- Work order: With pictures left out, output exactly the lines of the listing below from the line that has "TTU ISQS 3344" to the line that has "5月30日(水)3時間目は算", both lines kept.
*** The records ***
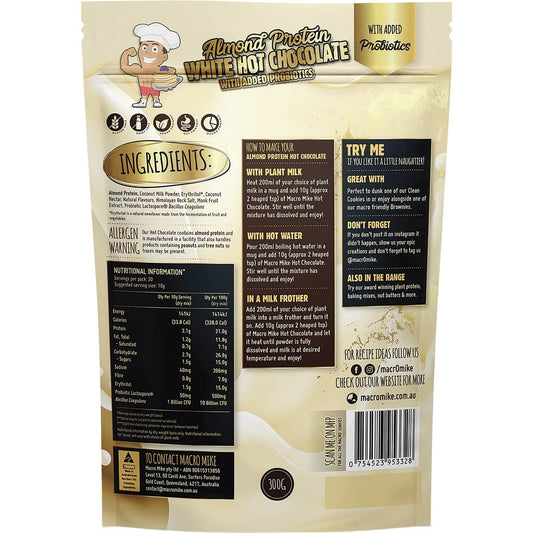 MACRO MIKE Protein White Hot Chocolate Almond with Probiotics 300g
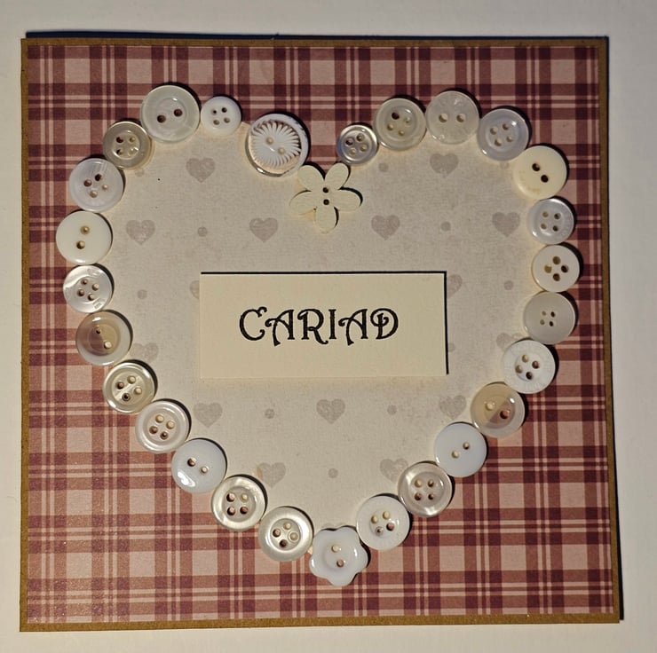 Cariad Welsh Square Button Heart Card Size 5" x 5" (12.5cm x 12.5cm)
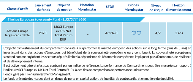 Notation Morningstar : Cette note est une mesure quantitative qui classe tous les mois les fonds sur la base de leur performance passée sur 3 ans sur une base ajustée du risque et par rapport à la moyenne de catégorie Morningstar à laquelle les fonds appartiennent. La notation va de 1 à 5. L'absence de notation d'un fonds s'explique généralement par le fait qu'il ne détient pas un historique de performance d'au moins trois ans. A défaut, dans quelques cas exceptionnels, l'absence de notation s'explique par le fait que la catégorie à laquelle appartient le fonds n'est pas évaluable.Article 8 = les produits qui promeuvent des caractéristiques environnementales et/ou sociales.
***
*** The records ***
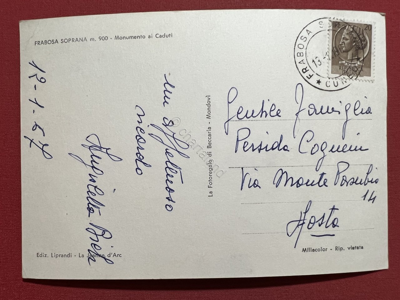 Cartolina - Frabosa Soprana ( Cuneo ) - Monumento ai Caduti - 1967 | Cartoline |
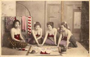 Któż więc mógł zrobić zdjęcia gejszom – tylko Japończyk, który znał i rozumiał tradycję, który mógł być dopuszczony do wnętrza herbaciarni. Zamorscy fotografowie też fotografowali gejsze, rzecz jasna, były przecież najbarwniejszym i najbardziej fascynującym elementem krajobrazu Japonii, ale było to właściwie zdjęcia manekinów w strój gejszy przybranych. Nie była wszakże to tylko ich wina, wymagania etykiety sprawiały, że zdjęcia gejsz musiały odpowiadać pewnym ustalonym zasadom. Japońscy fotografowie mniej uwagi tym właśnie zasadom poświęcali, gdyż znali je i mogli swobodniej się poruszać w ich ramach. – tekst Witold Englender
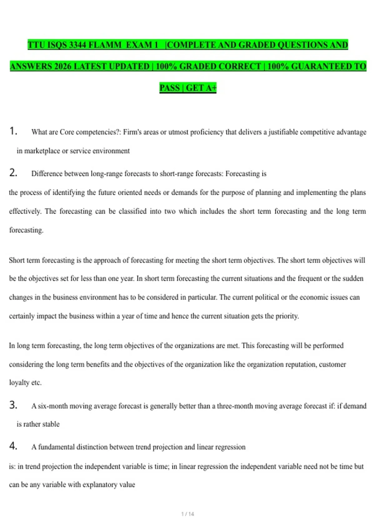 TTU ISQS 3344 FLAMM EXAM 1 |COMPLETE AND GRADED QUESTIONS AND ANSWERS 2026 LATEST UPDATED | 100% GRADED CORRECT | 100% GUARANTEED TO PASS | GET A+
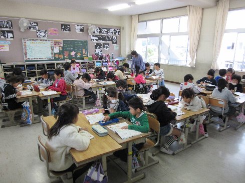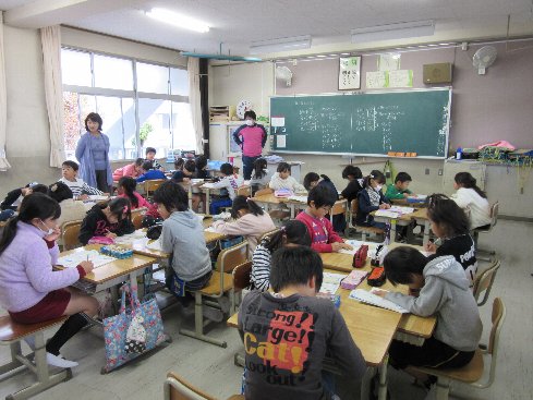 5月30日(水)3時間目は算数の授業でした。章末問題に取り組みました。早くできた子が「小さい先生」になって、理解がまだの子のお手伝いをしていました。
***
- Finished task:
 TTU ISQS 3344 FLAMM EXAM 1 |COMPLETE AND GRADED QUESTIONS AND ANSWERS 2026 LATEST UPDATED | 100% GRADED CORRECT | 100% GUARANTEED TO PASS | GET A+
 5月30日(水)3時間目は算数の授業でした。章末問題に取り組みました。早くできた子が「小さい先生」になって、理解がまだの子のお手伝いをしていました。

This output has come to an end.